Several lessons can be drawn from this. It is too easy to imagine that formalising a group of countries into a multilateral organisation with a constitution and a secretariat will give it substance. Often the opposite is the case. All-inclusive regional groupings that rely on consensus decision-making can all too easily be divided and paralysed by internal disputes or outside powers. Groupings that at one time sounded like a good idea can easily drift into inefficiency and immobility.
All-inclusive regional groupings that rely on consensus decision-making can all too easily be divided and paralysed by internal disputes or outside powers.
One alternative to formal multilateral regional groupings are so-called ‘coalitions of the willing.’ These have become increasingly popular in recent years to provide forums for capable and willing states to meet and discuss shared interests with the aim of finding areas for cooperation or coordination of responses to specific issues. There are several examples of these so-called ‘minilateral’ groupings involving Indian Ocean states. The recently revived India-Maldives-Sri Lanka maritime security trilateral could provide a useful platform for cooperation between those countries. The Australia-India-Indonesia trilateral has been meeting at a senior official level since 2017 to focus on shared concerns in the maritime domain. It has recently been elevated to foreign minister level, with an expanded agenda, including trade and cybersecurity. In September 2020, the foreign secretaries of India, France and Australia also recently met with a full agenda of shared concerns in the Indo-Pacific.
Informal plurilateral groupings of this sort may lack some of the benefits that formal agreements and standing secretariats can provide; for example, a degree of continuity and/or formal recognition in the international system. But they can more than make up for this with flexibility, agility and effectiveness — and in some cases — some useful ambiguity. Such groupings allow countries to formulate coordinated responses on issues without being bound by bureaucracy or formality. Leaders can spend their time discussing issues of substance rather than drafting formal resolutions.

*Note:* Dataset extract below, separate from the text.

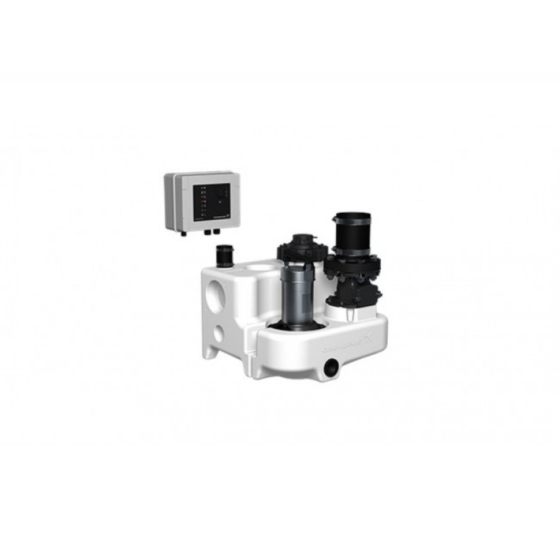 Канализационная насосная установка Grundfos MSS.11.3.2 Multilift поставляется полностью готовой к установке, состоит из полностью резервуара с насосом и погружного электродвигателя, обратного клапана, адаптера с гибким штуцером DN100 установленным на резервуар и контроллера вкл. датчик уровня. Полностью герметичный резервуар обладает всеми необходимыми патрубками для подключения впускной трубы от 180 до 250 мм, вентиляционной трубы DN50 и ручного мембранного насоса (принадлежность).Сборный резервуар содержит 7 входных патрубков по периметру. Выходной патрубок 2x DN100 с одним уплотнениtv, гнездо для входа по бокам 2 х DN100, DN100 верхний подвод воды. 2x DN50 сверху и сбоку. Multilift на подвержен коррозии, а также герметичный и осадок на дне минимальный. Насос с вихревым рабочим колесом типа Vortex и погружными электродвигателями,имеет безопасную масляная камера для заливки масла между двумя уплотнениями вала.LC220 контроллер с микропроцессором оснащен дисплеем для полной возможности мониторинга. Насос и датчик подключен к контроллеру с 4 м или 10 м кабеля и длины трубы. Кабель питания 1,5 м с вилкой (с фазоинвертором для 3-х фазный двигатель). Бесконтактные, пьезо-резистивный датчик давления подключаемый внутри шкафа, контролируется контроллером, с точностью до миллиметра и отображается на дисплее. Контроллер полностью контролирует работу насоса
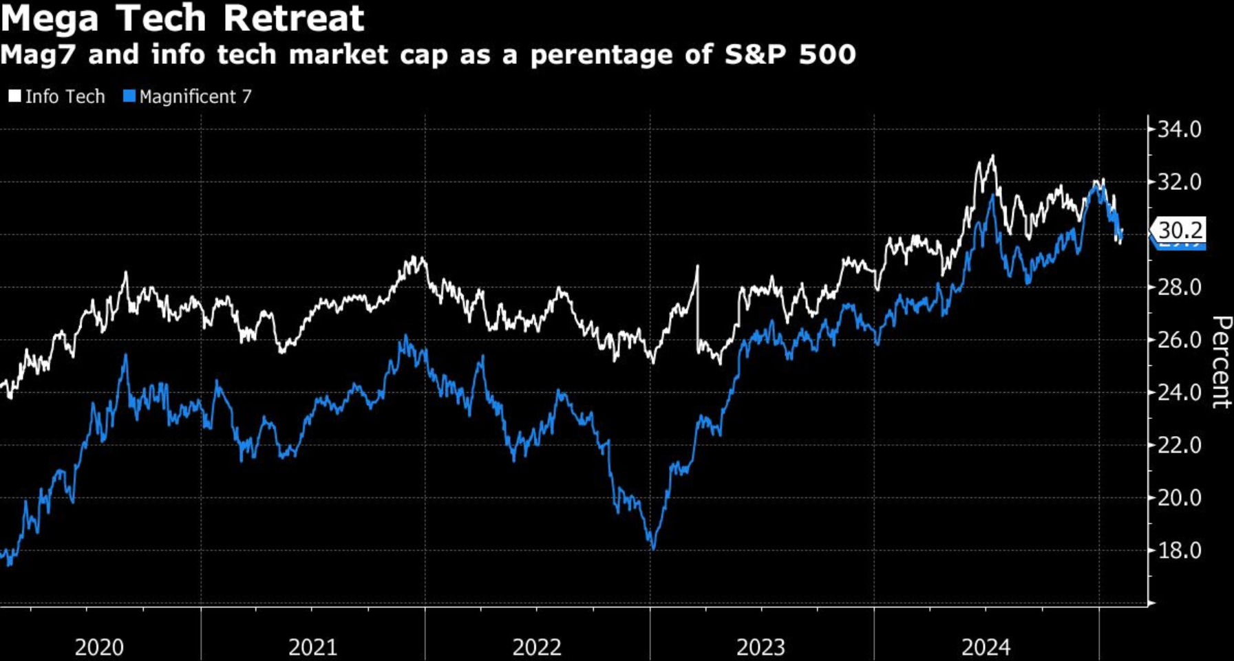 다들 실적 직후 애프터 마켓에서 뿐 아니라 최근 주가가 하락했는데, 이게 반드시 나쁜 것만은 아니거든요. M7주식들을 트래킹하는 지수는 지난 6개월 동안 S&P500와 비슷한 수준을 유지하고 있죠 (차트). 지수가 얼마나 불균형적인지를 고려할 때, M7주가가 급등하지 않는다는건 전체 시장에 있어 건강한 조정일 수 있습니다.

If Bangladesh and Myanmar can mend relations, the grouping can play a valuable role in facilitating cooperation in the region on a whole range of issues.
Many of these minilateral groupings involve large and middle powers with significant capabilities. But there is no reason why similar coalitions cannot emerge that bring together less powerful countries in and around the Bay of Bengal. Such non-inclusive groupings can help regional states skirt ‘roadblocks’ to cooperation and reduce opportunities for powerful extra-regional states to throw ners into the works.
This is not to say at all that Bay of Bengal states should give up on BIMSTEC. If Bangladesh and Myanmar can mend relations, the grouping can play a valuable role in facilitating cooperation in the region on a whole range of issues. But in the meantime, Bay of Bengal countries, large and small, may need to find alternative ways of working together.